Byli sami w domu, bo Duff pojechał do Axla, by coś z nim wyjaśnić odnośnie zespołu i Marta po raz kolejny kłóciła się ze Slashem. Miała serdecznie dość jego zachowania, które z dnia na dzień było coraz gorsze. Czepiał się o wszystko, co tylko się dało; bo paraduje w koszuli McKagana po domu, bo poprosiła go, żeby zszedł grać do piwnicy, bo się źle czuje; bo znów boli ją głowa, bo ciągle zajmuje łazienkę, jak ma mdłości, bo nie może palić jak ona jest w tym samym pomieszczeniu. Nie podobało mu się nawet to, że dziewczyna, będąc w ciąży, sprząta albo zmywa naczynia, mimo że sam tego nie zrobi i jej nie wyręczy; a fakt, że irytował się za każdym razem, jak McKagan okazywał brunetce czułość, był dla niej skandalem.

- Nie powinnaś się denerwować – powiedział, patrząc wymownie na jej lekko widoczny już brzuch.

- To mnie nie wkurwiaj! O wszystko się przypierdalasz! – szarpnęła się, gdy złapał ją za nadgarstek – weź tę rękę!

- Marta, posłuchaj… - wzmocnił uścisk i przysunął się bliżej niej – wiesz, że mi na tobie zależy… jesteśmy przyjaciółmi i przejmuję się… - ujął jej twarz w dłonie i chciał, by na niego spojrzała.

- Mógłbyś mnie puścić? – zapytała niecierpliwie.

Zamiast odpowiedzieć, pochylił się i wpił się dość zdecydowanie i ordynarnie w jej usta, przyciskając ją jednocześnie do ściany.

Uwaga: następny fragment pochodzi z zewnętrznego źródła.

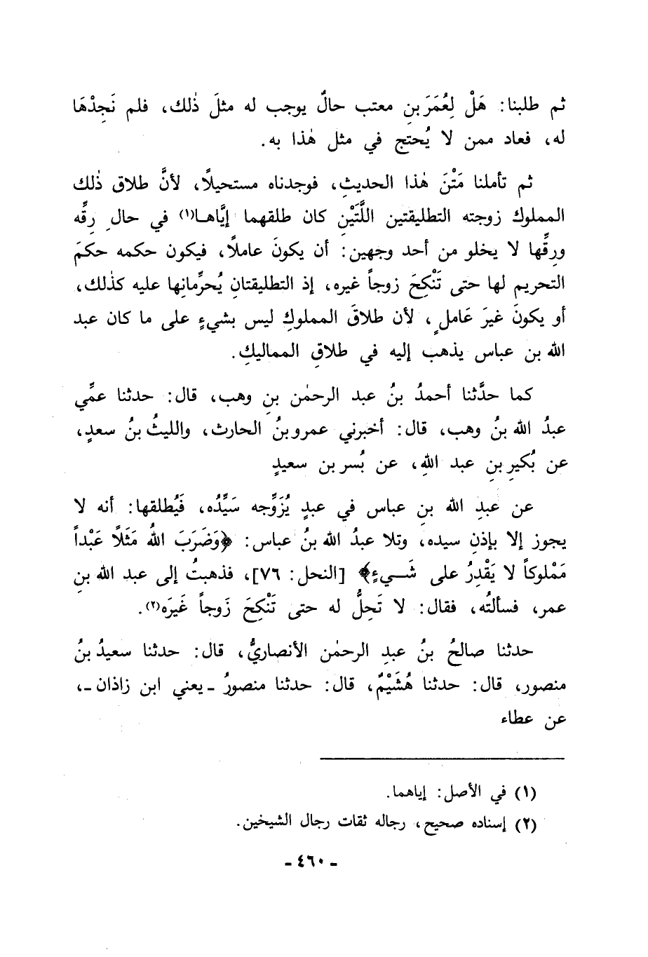 كَمَا حَدَّثَنَا أَحْمَدُ بْنُ عَبْدِ الرَّحْمَنِ بْنِ وَهْبٍ قَالَ: حَدَّثَنَا عَمِّي عَبْدُ اللهِ بْنُ وَهْبٍ قَالَ: أَخْبَرَنِي عَمْرُو بْنُ الْحَارِثِ، وَاللَّيْثُ بْنُ سَعْدٍ، عَنْ بُكَيْرِ بْنِ عَبْدِ اللهِ، عَنْ بُسْرِ بْنِ سَعِيدٍ، عَنْ عَبْدِ اللهِ بْنِ عَبَّاسٍ فِي عَبْدٍ يُزَوِّجُهُ سَيِّدُهُ فَيُطَلِّقُهَا: " أَنَّهُ لَا يَجُوزُ إِلَّا بِإِذْنِ سَيِّدِهِ , وَتَلَا عَبْدُ اللهِ بْنُ عَبَّاسٍ {وَضَرَبَ اللهُ مَثَلًا عَبْدًا مَمْلُوكًا لَا يَقْدِرُ عَلَى شَيْءٍ} " فَذَهَبْتُ إِلَى عَبْدِ اللهِ بْنِ عُمَرَ فَسَأَلْتُهُ , فَقَالَ: " لَا تَحِلُّ لَهُ حَتَّى تَنْكِحَ زَوْجًا غَيْرَهُ "

Przymknął oczy i nawet przez ułamek sekundy nie przyszło mu do głowy, że to co właśnie robi, jest kompletnie nie na miejscu i nie akceptowalne przez kogokolwiek, prócz niego samego. Jednak nie chciał rezygnować z tej drobnej przyjemności. Wykorzystał element zaskoczenia i napawał się jej wargami, dopóki nie oprzytomniała i mocno go od siebie odepchnęła.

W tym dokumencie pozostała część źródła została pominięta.